"Saçmalama. O öyle böyle bir şey yapmaz."
Kyungsoo sinirle siyah kalın çerçeveli gözlüğünü çıkarttı. "Nereden biliyorsun Jennie! Onu ne kadar tanıyorsun!"
İfadesiz bir şekilde ona baktım. Sabrımı zorluyordu. Sinirden gülmeme engel olamamıştım. Gülerek ona baktım. "Bana bir daha sesini yükseltme Kyungsoo. Benden büyük olman umrumda değil."
Üstümde ki ince beyaz pikeyi ittim. Ayağa kalkmak için yataktan destek aldım. "Jennie ne yapıyorsun? Yat şuraya."
Yara olan yerde inanılmaz bir acı hissediyordum. İki hareket etmiştim ama nefes nefese kalmıştım. Sanki kırk kat merdiven çıkmışım gibi hissediyordum. Çıplak ayaklarım yere değdiğinde yanımda duran Sehun'un koluna tutundum.
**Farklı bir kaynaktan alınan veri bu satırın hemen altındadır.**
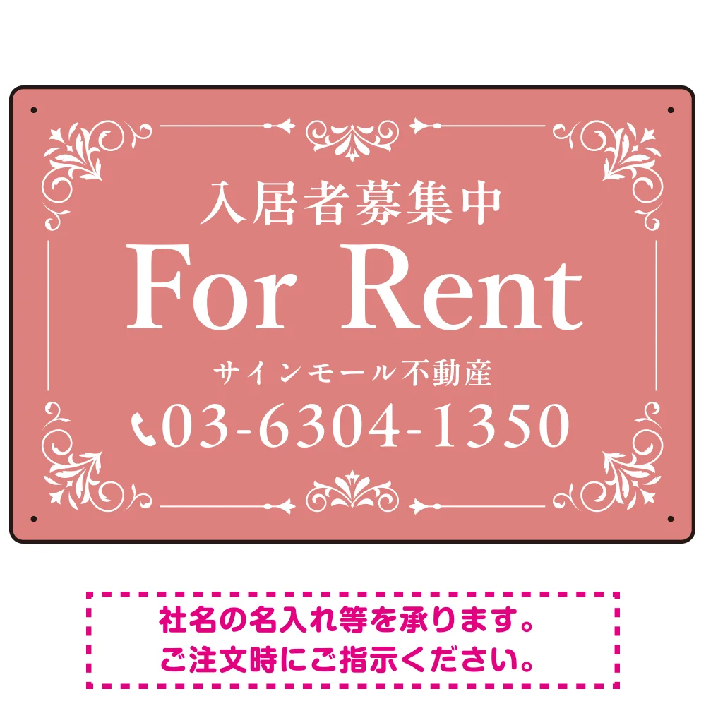 よくある質問:柔らかな色合いが魅力の上品デザイン FOR RENT 入居者募集中 不動産向けデザインプレート看板 くすみピンク W450×H300 エコユニボード(SP-SMD712B-45x30U)

"Ben sana farkında olmadan fazla mı taviz verdim?" Kyungsoo'ya, daha sonra diğerlerine baktım. "Bana sesinizi yükseltmeler, ne yapacağımı söylemeler. Kendinize gelin!"
Liderlerimi olduğumu unutmuşlardı. Farkında olmadan onlara fazla taviz veriyordum.
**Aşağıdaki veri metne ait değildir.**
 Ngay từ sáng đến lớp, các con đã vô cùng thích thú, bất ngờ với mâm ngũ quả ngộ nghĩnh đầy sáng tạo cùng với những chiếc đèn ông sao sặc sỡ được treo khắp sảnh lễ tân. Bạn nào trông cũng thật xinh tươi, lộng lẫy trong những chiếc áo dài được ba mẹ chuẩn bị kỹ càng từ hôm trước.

"Jennie saçmalama lütfen. Ameliyattan çıkalı yeni yirmi dört saat oldu." Kolumda ki serumu çıkardım. Lalisa önüme gelerek kolumu tuttu. "Dikişlerin patlayacak."
"Adam nerede?" Lalisa'yı yok sayarak Kyungsoo'ya döndüm. Kyungsoo sinirli bir şekilde bana bakıyordu ama şu an önemli olan bu değildi. O adamla konuşmalıydım.
"Şehir çıkışında ki depoda." Sehun ve Lalisa'nın kollarından kurtuldum. Tekli koltuğun üstünde duran Joy'un getirdiği kıyafet çantasını alıp odadaki lavaboya girdim.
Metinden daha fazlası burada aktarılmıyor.